For the data below, give again exactly the lines from the one containing "Sewa Gudang bangunan" through the one containing "Stylish Hermes scarf", both ends included, and no others.

RECORD SET Start Marker

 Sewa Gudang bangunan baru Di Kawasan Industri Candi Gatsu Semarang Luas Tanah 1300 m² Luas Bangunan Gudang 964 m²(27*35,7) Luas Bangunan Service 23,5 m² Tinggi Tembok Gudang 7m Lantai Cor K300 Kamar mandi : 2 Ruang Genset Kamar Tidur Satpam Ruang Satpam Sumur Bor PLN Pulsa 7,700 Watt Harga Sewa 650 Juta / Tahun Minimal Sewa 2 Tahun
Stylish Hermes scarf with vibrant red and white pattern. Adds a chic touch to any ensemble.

RECORD SET End Marker
RECORD SET Start Marker

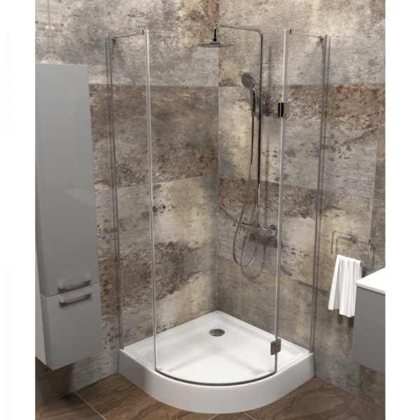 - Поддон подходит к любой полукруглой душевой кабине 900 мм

RECORD SET End Marker
RECORD SET Start Marker

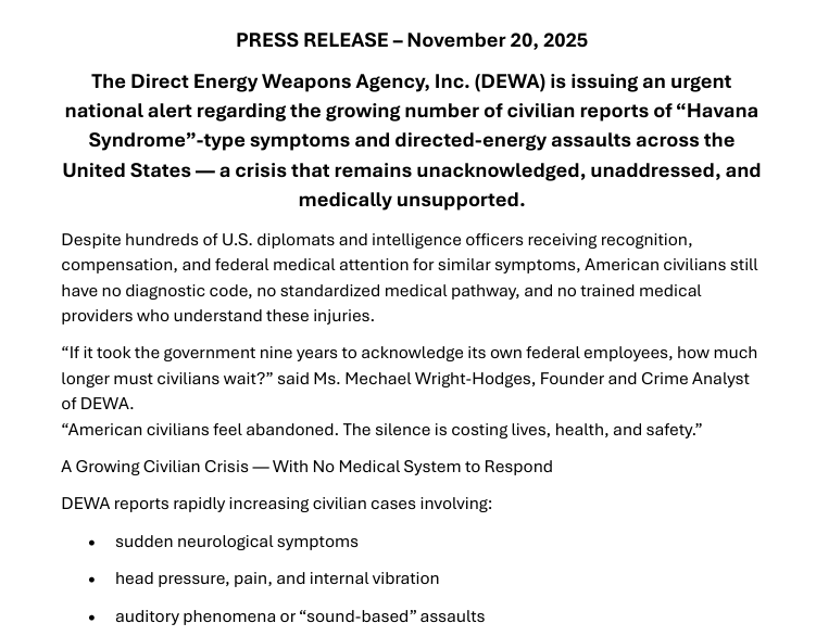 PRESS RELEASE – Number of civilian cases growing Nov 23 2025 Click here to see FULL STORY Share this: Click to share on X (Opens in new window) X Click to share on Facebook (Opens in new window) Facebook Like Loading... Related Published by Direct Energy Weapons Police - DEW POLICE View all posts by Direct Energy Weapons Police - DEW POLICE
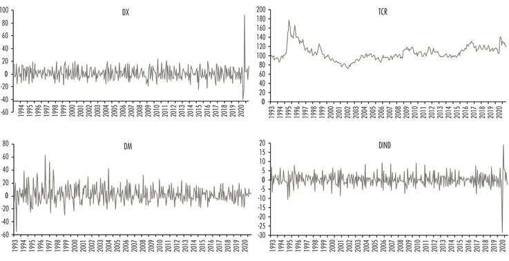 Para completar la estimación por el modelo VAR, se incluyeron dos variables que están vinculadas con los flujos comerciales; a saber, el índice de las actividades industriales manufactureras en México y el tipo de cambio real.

RECORD SET End Marker

_ANSWER BOX_
 Sewa Gudang bangunan baru Di Kawasan Industri Candi Gatsu Semarang Luas Tanah 1300 m² Luas Bangunan Gudang 964 m²(27*35,7) Luas Bangunan Service 23,5 m² Tinggi Tembok Gudang 7m Lantai Cor K300 Kamar mandi : 2 Ruang Genset Kamar Tidur Satpam Ruang Satpam Sumur Bor PLN Pulsa 7,700 Watt Harga Sewa 650 Juta / Tahun Minimal Sewa 2 Tahun
Stylish Hermes scarf with vibrant red and white pattern. Adds a chic touch to any ensemble.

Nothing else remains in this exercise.